Let \(n\) be the number of people at the party.
Since no one can be friends with themselves, everyone has between 0 and \(n-1\) friends.
If someone has \(n-1\) friends then that person is friends with everyone else, so no one can have 0 friends.
Likewise if someone has 0 friends, no one can have \(n-1\) friends (be friends with everyone).
Thus there are \(n-1\) possible numbers of friends and \(n\) people, so by the pigeon-hole principal, at least two people have the same number of friends.
Mutual friends
Now show that any group of six people contains either 3 mutual friends or 3 mutual strangers.
Imagine the 6 people. Of them, some person \(X\) either has at least 3 friends among the other 5, or at least 3 strangers.

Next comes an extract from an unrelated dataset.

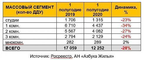 На долю студий и однокомнатных квартир по итогам первых шести месяцев 2020 года пришлось 44% от общего объема продаж, а на долю двухкомнатных квартир – 33%, что аналогично показателям первого полугодия 2019 года.
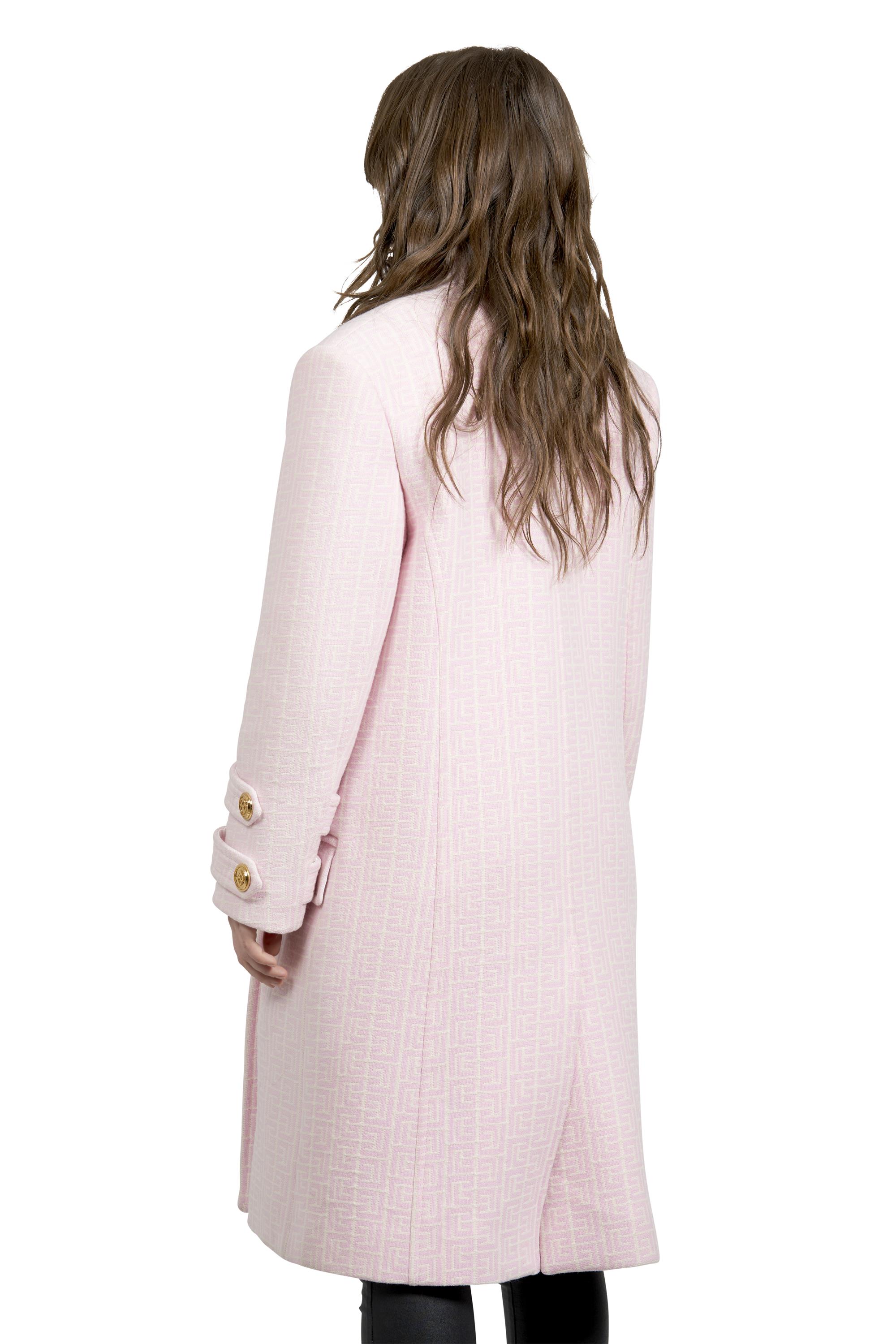 Styled in pink and white monogram wool jacquard, tailored with epaulettes, flap pockets, and gold-tone embossed buttons, fully lined in silk, marked size FR42.

If \(X\) has at least three friends, then either:
- The 3 of them are all mutual strangers.
- At least 2 of them are friends. Then the these 2 and \(X\) are all mutual friends.
Both of these satisfy the condition.
If \(X\) has at least three strangers, then either:
- The 3 of them are all mutual friends.
- At least 2 of them are strangers. Then the these 2 and \(X\) are all mutual strangers.
Both of these also satisfy the condition.
General case
In general, if we require there be either a group of \(a\) mutual strangers or \(b\) mutual friends then the minimum sized group of people required is called the Ramsey number: \(R(a,b)\). The case explored in this problem is \(R(3,3) = 6\).